J’entends encore Nikolaï et son doux accent russe me dire que tu étais notre trésor à tous les deux. J’étais si fière de t’embrasser tous les soirs, si fière d’assister aux réunions de parents d’élèves de ton école, si fière que tout le monde puisse penser que mon ventre t’avait mis au monde.

Tu étais comme tu es toujours le plus beau cadeau que m’ait jamais fait Nikolaï. D’ailleurs tu le sais bien, sinon tu ne serais pas revenu vers moi après tant d’années ; je crois même que ça ne te déplaisait pas, parfois, de jouer à être mon enfant comme tu étais le sien.

Je suis heureuse au-delà des mots de te savoir à nouveau dans la chambre voisine de la mienne, mais je suis trop fatiguée pour attendre ton retour ce soir. Si tu as faim, sers-toi dans le frigo. Et si tu aimes toujours le beurre de cacahuète, tu en trouveras dans le placard du haut. Fais comme chez toi. D’ailleurs tu es chez toi ici, depuis bien longtemps.

Je travaille demain toute la journée, mais j’espère pouvoir te voir après ? J’ai tant de choses à te raconter, tant de choses à entendre surtout.

J’ai cru comprendre dans les silences de Catalina que cette Corse folle n’a pas pris soin de toi. J’imagine le pire et cela me ronge le cœur. Car si ce n’était pas pour te récupérer, pourquoi cette femme a-t-elle soudain débarqué dans notre vie ? J’ai pu vivre sans toi pendant dix ans sans m’effondrer, car je pensais qu’après t’avoir tant voulu, elle ne pouvait que bien s’occuper de toi. J’avais impitoyablement tort, et je regrette amèrement d’avoir pu croire cela un seul instant.

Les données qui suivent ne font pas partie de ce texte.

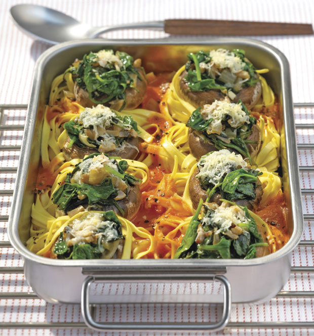 Paradajz izmešajte sa šećerom, majoranom, sirćetom, solju i biberom. Testeninu skuvajte prema uputstvu na pakovanju i ocedite. Posudu namažite kašikom putera, napravite osam gnezda od testenine i prelijte paradajz sosom. Šampinjone očistite, stabljike isecite na kockice, a glavice stavite na vrh svakog gnezda. Na ostatku putera ispržite kockice crnog luka i šampinjona, umešajte spanać i napunite šampinjone. Pospite pinjolama i parmezanom, začinite mlevenim biberom i pecite u rerni na 180 stepeni oko 20 minuta. Servirajte toplo.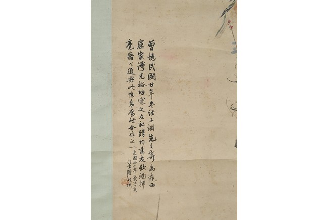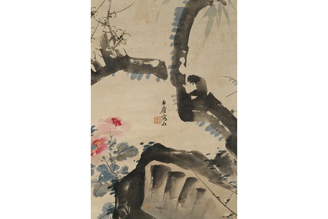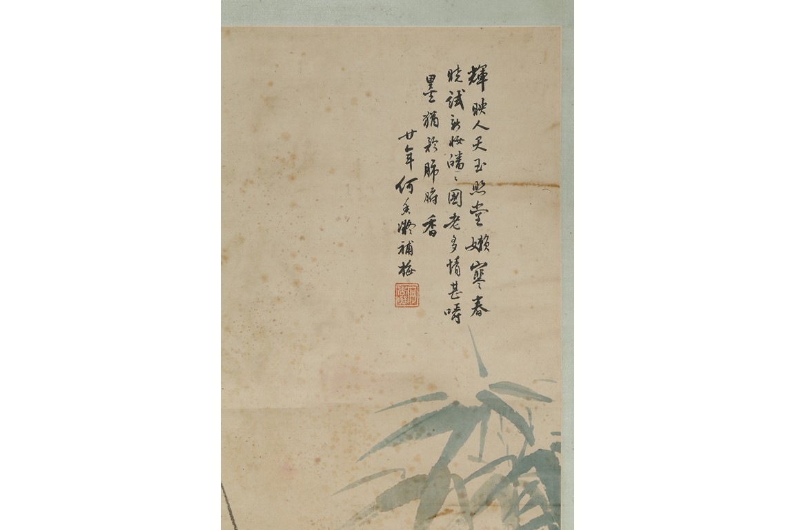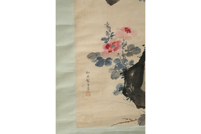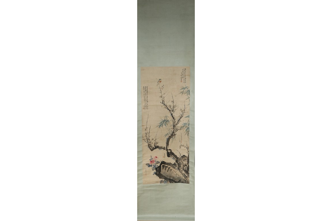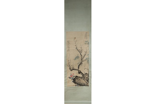 Color and ink on paper. Flower and bird. Hanging scroll. Inscribed and signed, with six seal marks. He Xiangning (1878-1972)

Je t’ai cherché pendant tout ce temps, je te le jure, j’ai même officiellement obtenu ta garde auprès du tribunal de Colombie Britannique. A mes yeux, ce jugement était depuis longtemps dérisoire et ridicule ; mais aujourd’hui je le trouve impuissant et douloureux, insoutenable même, quand je pense à la vie que nous aurions dû mener ici tous les deux.

Nikolaï aurait voulu que je te protège et je n’ai pas su le faire. Pardonne-moi, je t’en prie. J’ai peur de ce que tu vas me raconter demain mais j’ai besoin de l’entendre. Je crois qu’il le faut, pour reprendre ensemble le fil de nos vies telles qu’elles sont maintenant, et pour dépasser nos vieux souvenirs communs.

Je t’embrasse de tout mon cœur, mon petit, même si tu as bien grandi.

Marie

PS : ça ne me rajeunit pas de te voir amoureux, mais Catalina est charmante, et en plus, russophone ; ton père l’aurait adorée.